The advantage was just as pronounced on the defensive side, where the Eagles couldn't get consistent pressure and finished the season ranked 32d in net passing yards allowed per game.

"Our pass rush has to get better. Dead last, it goes without saying, but it's all facets - the pass rush, the blitz, the play-calling, the coverages," defensive coordinator Bill Davis said. "Our defense wasn't great last season, by any statistical category, but if we can start this season the way we finished last season, we'll keep climbing."

Having Smith join Connor Barwin, Trent Cole, and Brandon Graham at the outside linebacker position should help. At least, that's why he was drafted.

"He's got speed coming off the edge," Kelly said of Smith. "We thought having a pass rusher was a big thing for us."

There were the predictable transition pains for the defense as it switched to a 3-4 base alignment and a steep learning curve for players such as Cole, who went from end to linebacker, and Fletcher Cox and Cedric Thornton, who went from tackle to end. Add the inability of Isaac Sopoaga to clog the middle at nose tackle and the tall order given his replacement, rookie Bennie Logan, and those pains were apparent.

"Pass rushing in the 3-4 is an interesting component," said defensive line coach Jerry Azzinaro. "There are a lot of parts to it. What picture do you present? Who's the fourth rusher? When is there going to be a fourth rusher? How is the offense working against you?"
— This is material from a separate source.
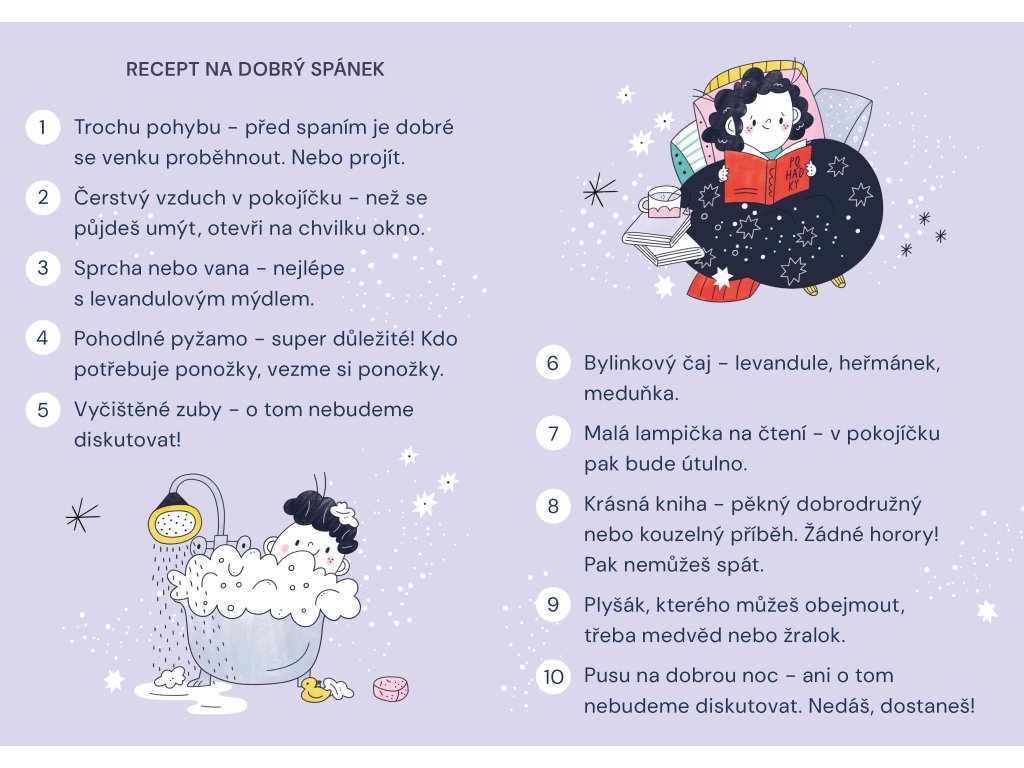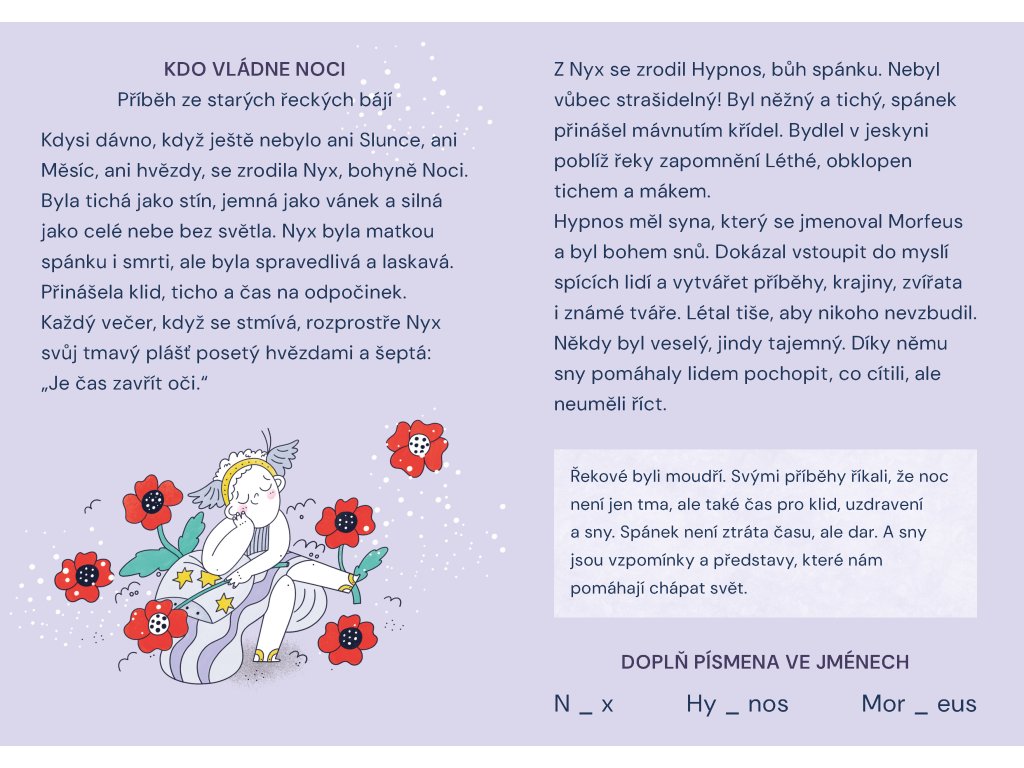 Čemu se říká splněný sen a jaký je recept na dobrý spánek. O čem sní zvířata a jak se jmenuje bůh spánku. Vše o snech, snění a spánku se dočtete v tomto úkolovém sešitu, který vznikl ve spolupráci s projektem Molekuly čtení. Autorky projektu pracují se začínajícími čtenáři a vytváří knížky i podpůrné materiály vycházející z metody úrovňového čtení. Ilustrovala Dita Vopřadová. 20 stran, formát A5

It is a game of deception, and sometimes a 3-4 defense has to be judged differently. But when it is third down and a passing situation, all NFL defenses have four pass rushers with their hands in the dirt. Opponents converted 40.3 percent of their third-down opportunities against the Eagles in 2013, which ranked them 24th in the league. It wasn't all about not being able to pressure the quarterback, but a lot of it was.

So, as training camp opens and the coach says the team needs to improve everything, remember that some parts of the everything are more pressing than others. And put sacks near the top of that list.

"Everybody wants it to be a revolution, but it's an evolution," Azzinaro said.

Little by little, practice by practice, day by day.